- [What the task asks]
A verbatim reproduction of the following listing is required; omit the pictures.

(Data)

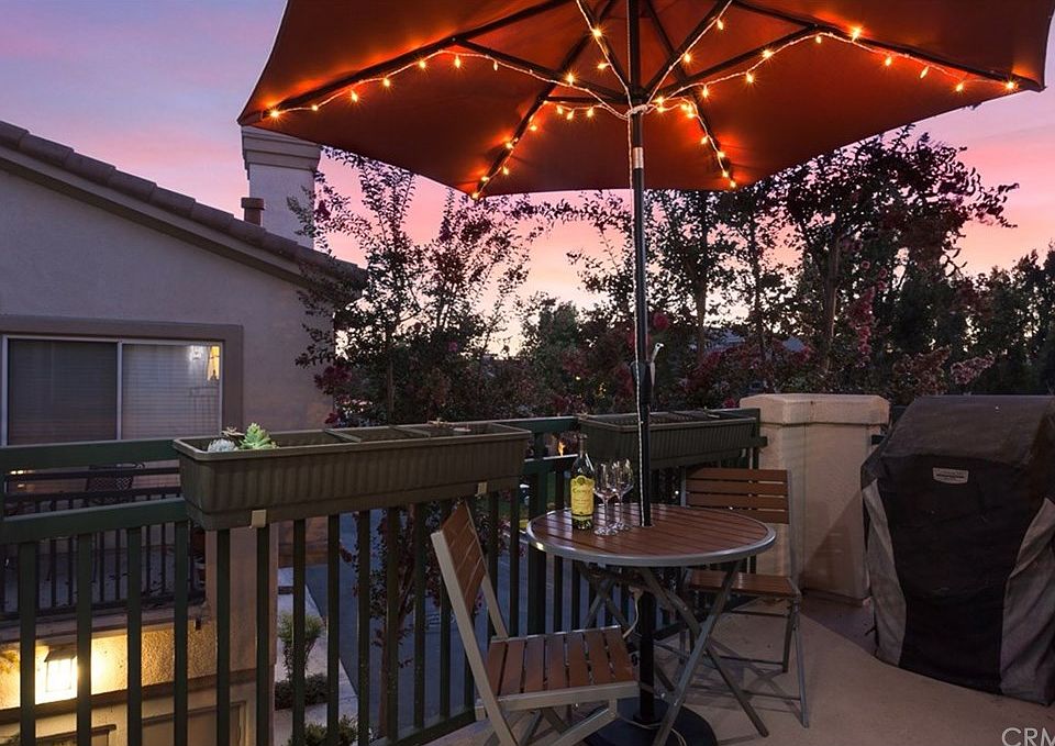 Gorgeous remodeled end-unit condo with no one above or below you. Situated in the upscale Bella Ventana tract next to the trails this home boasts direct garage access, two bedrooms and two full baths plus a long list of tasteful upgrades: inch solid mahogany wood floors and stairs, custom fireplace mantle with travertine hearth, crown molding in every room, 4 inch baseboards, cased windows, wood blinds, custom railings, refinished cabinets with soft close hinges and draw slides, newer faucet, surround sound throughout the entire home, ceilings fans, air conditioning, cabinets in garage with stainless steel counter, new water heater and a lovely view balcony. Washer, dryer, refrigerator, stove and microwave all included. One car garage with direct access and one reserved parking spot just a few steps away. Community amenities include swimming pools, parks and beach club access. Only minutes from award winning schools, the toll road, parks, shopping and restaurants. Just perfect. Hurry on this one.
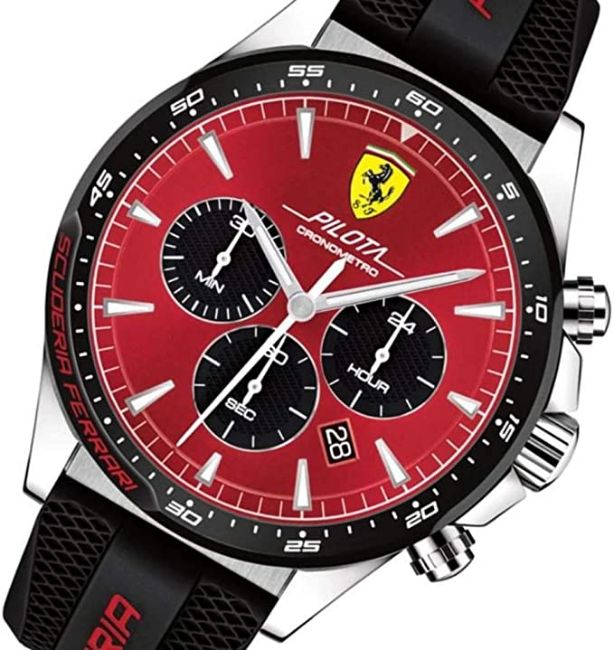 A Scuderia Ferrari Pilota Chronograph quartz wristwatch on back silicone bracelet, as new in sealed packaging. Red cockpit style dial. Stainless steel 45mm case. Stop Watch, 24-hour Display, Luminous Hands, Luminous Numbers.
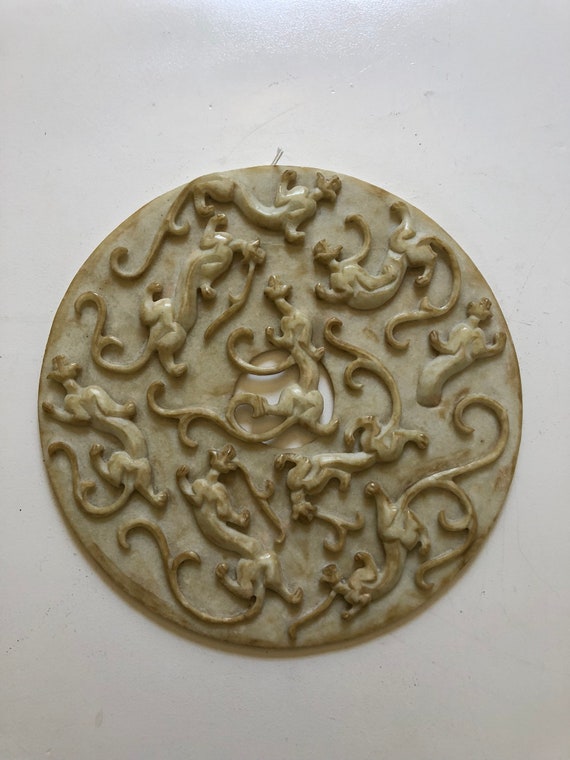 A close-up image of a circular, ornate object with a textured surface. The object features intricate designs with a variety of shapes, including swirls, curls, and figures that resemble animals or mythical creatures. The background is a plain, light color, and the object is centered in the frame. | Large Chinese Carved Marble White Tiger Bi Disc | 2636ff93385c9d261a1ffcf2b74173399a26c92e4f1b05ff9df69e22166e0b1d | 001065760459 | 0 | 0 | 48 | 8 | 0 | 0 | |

(End Data)

- [Your solution]
 Gorgeous remodeled end-unit condo with no one above or below you. Situated in the upscale Bella Ventana tract next to the trails this home boasts direct garage access, two bedrooms and two full baths plus a long list of tasteful upgrades: inch solid mahogany wood floors and stairs, custom fireplace mantle with travertine hearth, crown molding in every room, 4 inch baseboards, cased windows, wood blinds, custom railings, refinished cabinets with soft close hinges and draw slides, newer faucet, surround sound throughout the entire home, ceilings fans, air conditioning, cabinets in garage with stainless steel counter, new water heater and a lovely view balcony. Washer, dryer, refrigerator, stove and microwave all included. One car garage with direct access and one reserved parking spot just a few steps away. Community amenities include swimming pools, parks and beach club access. Only minutes from award winning schools, the toll road, parks, shopping and restaurants. Just perfect. Hurry on this one.
 A Scuderia Ferrari Pilota Chronograph quartz wristwatch on back silicone bracelet, as new in sealed packaging. Red cockpit style dial. Stainless steel 45mm case. Stop Watch, 24-hour Display, Luminous Hands, Luminous Numbers.
 A close-up image of a circular, ornate object with a textured surface. The object features intricate designs with a variety of shapes, including swirls, curls, and figures that resemble animals or mythical creatures. The background is a plain, light color, and the object is centered in the frame. | Large Chinese Carved Marble White Tiger Bi Disc | 2636ff93385c9d261a1ffcf2b74173399a26c92e4f1b05ff9df69e22166e0b1d | 001065760459 | 0 | 0 | 48 | 8 | 0 | 0 | |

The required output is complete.